Your goal: Set every line of the data down again exactly, and keep the pictures out.

Provided data:

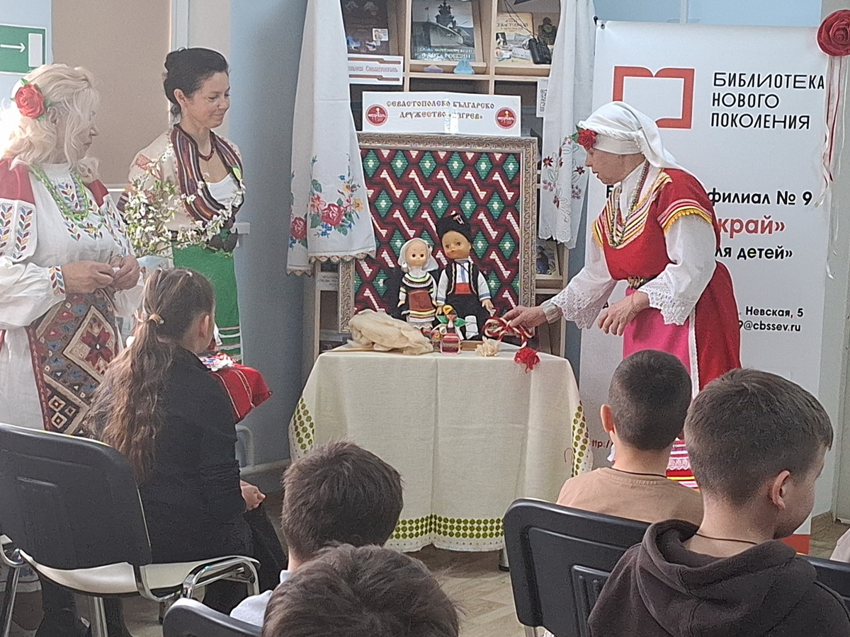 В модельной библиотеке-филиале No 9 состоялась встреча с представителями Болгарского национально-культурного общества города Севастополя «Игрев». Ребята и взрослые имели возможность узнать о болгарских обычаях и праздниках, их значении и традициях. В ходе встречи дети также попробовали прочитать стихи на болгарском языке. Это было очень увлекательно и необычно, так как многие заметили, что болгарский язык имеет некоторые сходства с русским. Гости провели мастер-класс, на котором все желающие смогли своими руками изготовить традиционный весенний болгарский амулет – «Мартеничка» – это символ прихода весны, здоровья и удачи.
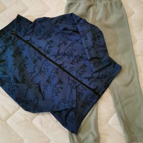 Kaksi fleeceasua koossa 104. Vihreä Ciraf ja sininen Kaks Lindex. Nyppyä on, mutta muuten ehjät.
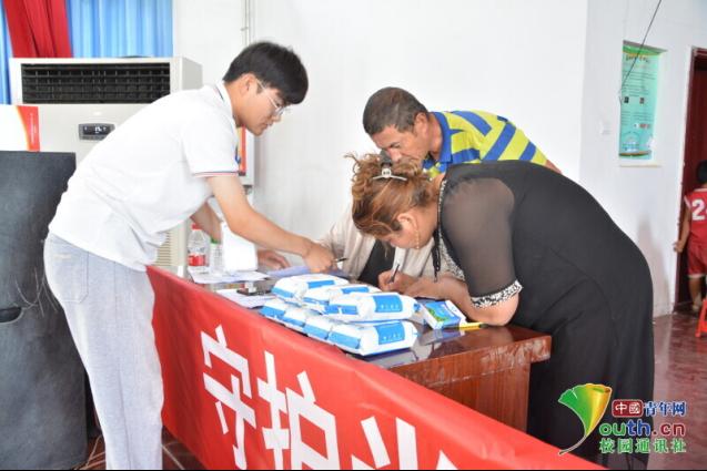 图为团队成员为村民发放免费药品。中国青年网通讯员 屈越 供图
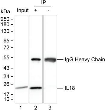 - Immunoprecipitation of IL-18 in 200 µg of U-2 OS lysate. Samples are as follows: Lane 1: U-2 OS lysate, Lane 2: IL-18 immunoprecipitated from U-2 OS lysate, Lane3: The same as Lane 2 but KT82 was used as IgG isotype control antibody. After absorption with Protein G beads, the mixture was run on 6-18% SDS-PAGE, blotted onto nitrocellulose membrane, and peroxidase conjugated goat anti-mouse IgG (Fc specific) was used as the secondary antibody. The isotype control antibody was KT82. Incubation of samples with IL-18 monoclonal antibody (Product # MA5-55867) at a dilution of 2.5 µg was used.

Result for this exercise:
 В модельной библиотеке-филиале No 9 состоялась встреча с представителями Болгарского национально-культурного общества города Севастополя «Игрев». Ребята и взрослые имели возможность узнать о болгарских обычаях и праздниках, их значении и традициях. В ходе встречи дети также попробовали прочитать стихи на болгарском языке. Это было очень увлекательно и необычно, так как многие заметили, что болгарский язык имеет некоторые сходства с русским. Гости провели мастер-класс, на котором все желающие смогли своими руками изготовить традиционный весенний болгарский амулет – «Мартеничка» – это символ прихода весны, здоровья и удачи.
 Kaksi fleeceasua koossa 104. Vihreä Ciraf ja sininen Kaks Lindex. Nyppyä on, mutta muuten ehjät.
 图为团队成员为村民发放免费药品。中国青年网通讯员 屈越 供图
 - Immunoprecipitation of IL-18 in 200 µg of U-2 OS lysate. Samples are as follows: Lane 1: U-2 OS lysate, Lane 2: IL-18 immunoprecipitated from U-2 OS lysate, Lane3: The same as Lane 2 but KT82 was used as IgG isotype control antibody. After absorption with Protein G beads, the mixture was run on 6-18% SDS-PAGE, blotted onto nitrocellulose membrane, and peroxidase conjugated goat anti-mouse IgG (Fc specific) was used as the secondary antibody. The isotype control antibody was KT82. Incubation of samples with IL-18 monoclonal antibody (Product # MA5-55867) at a dilution of 2.5 µg was used.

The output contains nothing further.